Danielle Church has proposed on the SWI-Prolog
Discourse group to allow for (Var) Term. The
equivalent ECLiPSe notation is Var{= : Term}.
The main disadvantage of this is the ambiguity. It was
proposed to allow for
p((X) hello(Y)) :- q(X).
Eventually it was rejected in favour of compiler
support to make the code below having all benefits of
hello(Y) appearing in the head.
p(X) :- X = hello(Y), q(X).
Alternative proposals
A few variations on the ECLiPSe syntax proposed are
X{_: f(X)}. The advantage is that it requires no reserved attribute. Otherwise it is considered less clean.X{X: f(X)}. Similar issues
Issues
How to handle a term contains multiple attribute constructs for the same variable?
Two proposals are
- One option is to make each
Var{...}create an attributed term and use unification if we find multiple instances ofVar.

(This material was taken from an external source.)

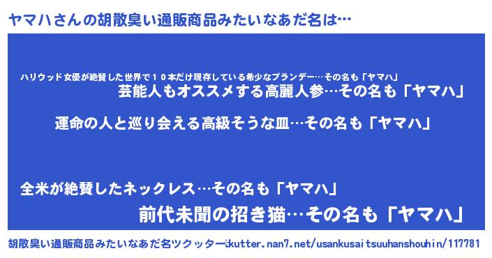 | 意味不明あだ名 | 『ヤマハフォーエバー』『永久保存ヤマハ』 |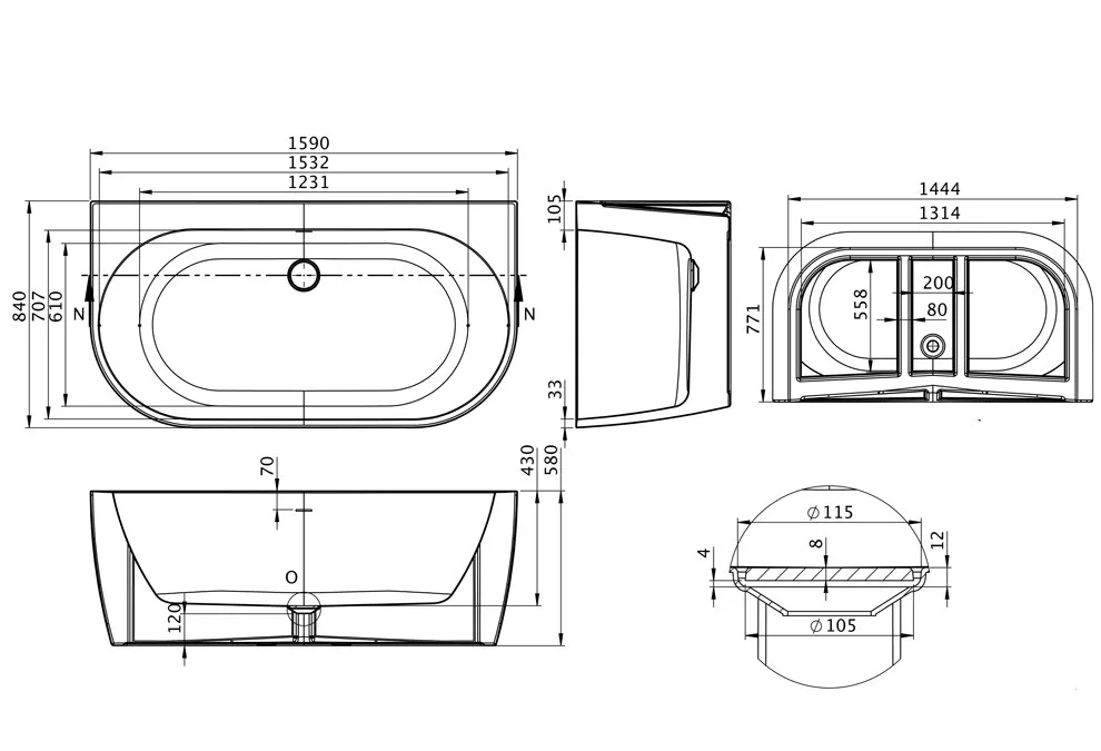 Kád, M-Acryl New Velvet kád 160x85 cm, fekete/fehér

This implies we need to call the constraint solver insideread/1. Constraint solvers may fail, raise exceptions or be non-deterministic. It is undesirable to propagate this to read/1. - The current ECLiPSe and SWI-Prolog implementations
allow for multiple
Var{...}on the same variable, but:- If the same attribute is provided, the value must be
the same under
==/2. In that case the second instance is ignored. Otherwise a syntax error is raised.
- If the same attribute is provided, the value must be
the same under
Can
the = attribute be combined with other
attributes?
This is not meaningful and problematic as it would require constraint solving.
What about
Var{}?
This can be
- A syntax error (current ECLiPSe)
- The same as
Var(current SWI-Prolog) - Create an attributed variable without attributes (if the system supports this notion).
Note that <atom>{} is already valid
syntax, both for struct/argnames and for dynamic dicts
(currently SWI-Prolog only).
Implications
Providing this syntax poses some new challenges to the Prolog system. Consider the query below. Correctly executed it should print an infinite number of lines.
?- G{= : (writeln('Hello world'), G)}.
However, current SWI-Prolog’s toplevel goal analysis as well as term and goal expansion loop on body terms that contain cyclic control structures.